The practice of forgiveness, usually between two people—although it can also take place between more—involves several steps. It begins with appreciation and then proceeds through expressing regret, hurt, and difficulties. In reconciling, it is important to begin with acknowledging appreciation. As we are an amalgam of wholesome and unwholesome deeds, we begin with the positive to set a tone of mutual respect and willing presence. We are so easily aggrieved (through our egos) that we need to feel safe. By expressing appreciation we can affect safety for one another.
The second step is expressing regret, which requires humility and the willingness to let go of our pain and pride, our fear of being wrong. This is a difficult part of the process, because typically we want to blame and criticize rather than accept the letting go and vulnerability that accompanies regret.
The third step is expressing our hurt with mindful, loving speech, also without blame or criticism. We are speaking so that the other person can listen to our words. Our goal is to affect a heart opening, a place where our words can land and be received. During this process strong emotions can arise. It is best to stop and breathe. The other person can join you in this breathing until the feelings dissipate. In sharing pain, strong emotion can be necessary, but it is also fleeting.
Forgiveness as Transformation
When we suffer, we don’t suffer alone. We share with all humanity the pain of feeling abandoned, misunderstood, or forsaken. Forgiveness is the archetypal antidote that Christ offered on the cross when he said, “Forgive them Father for they know not what they do.” (Luke 23:34) In his great agony, he brought compassion to his persecutors and in doing so transcended personality (personalization) and suffering.
This is available to all of us in the act of forgiveness. Clearly, it is a hard place to access when the heart is hard, but when we soften our hearts, it is the only natural response to our shared pain. This softened space is a transformative one. It also reflects the fragrance and essence of the heart’s spaciousness.

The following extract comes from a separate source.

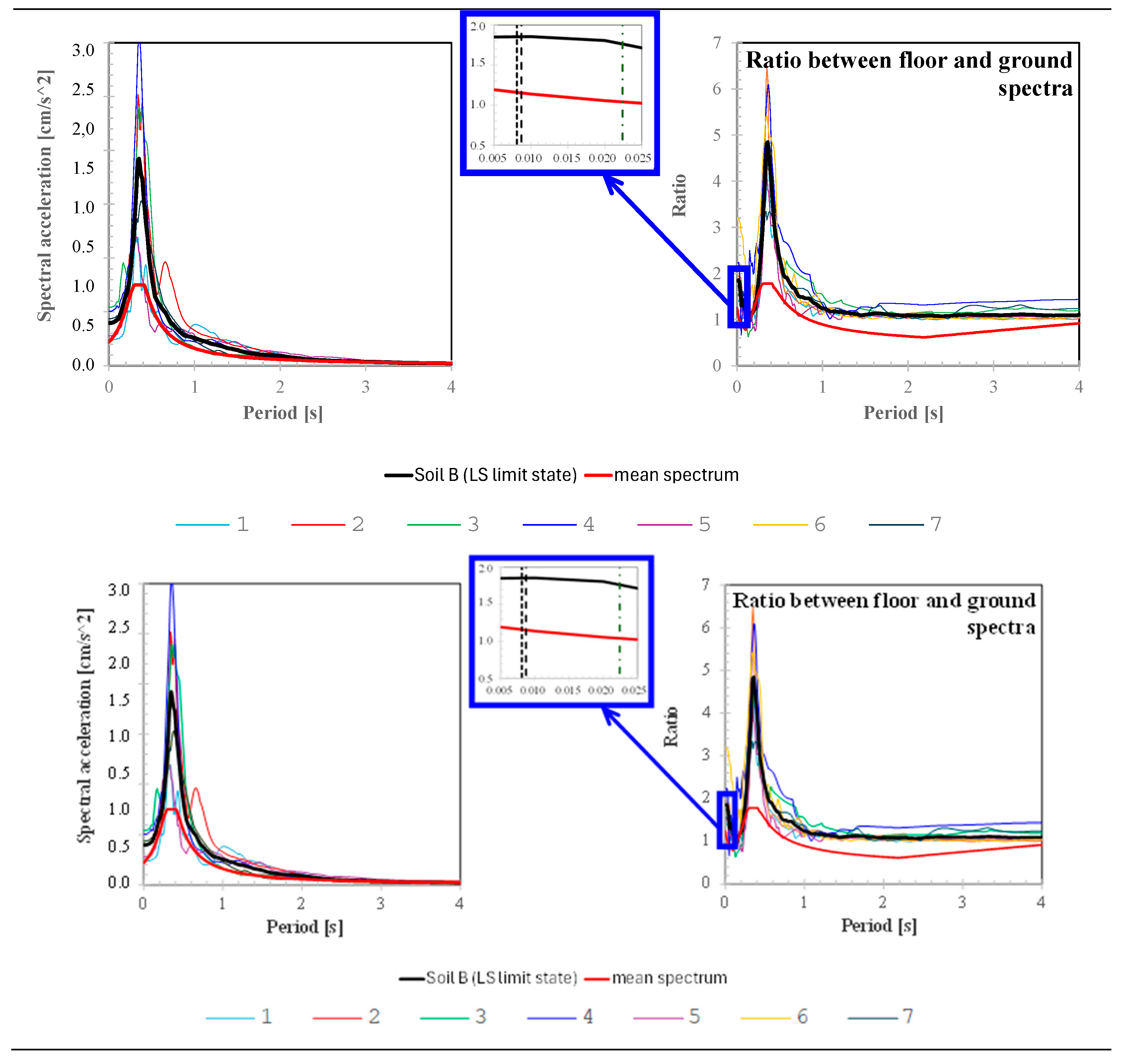 The seismic action on the first floor has been found accounting for the transfer-effect of the building by means of a simplified SDOF model having the same frequency as the building, i.e., T = 0.35 s. Such frequency, in turn, has been found by the Authors in a former investigation, through dynamic monitoring by means of seismic motions, as described in [

Forgiveness seems to be the most elusive of abilities, yet also a kind of natural cycle, where the pain and suffering of intimate self-reflection and judgment opens our hearts to our shared humanity. My work with others seems to find a new level of compassion when I sit with my own dark core. In fact, it opens my eyes to the blessing of the “tickling” sensation of my raw heart in all its vulnerability. (2) I slow down, tears come, and a new union with love and life find expression.
“Are you looking for me? I am in the next seat.
My shoulder is against yours.
You will not find me in stupas, not in Indian shrine
Rooms, nor in synagogues, nor in cathedrals
Not in masses, nor kirtans, not in legs winding
Around your own neck, nor in eating nothing but vegetables.
When you really look for me, you will see me instantly—
You will find me in the tiniest house of time.
Student, tell me, what is the Beloved?
It is the breath inside the breath.”
(2) Trungpa, Chogyam. (2003). Shambhala: The sacred path of the warrior. Boston, MA: Shambhala.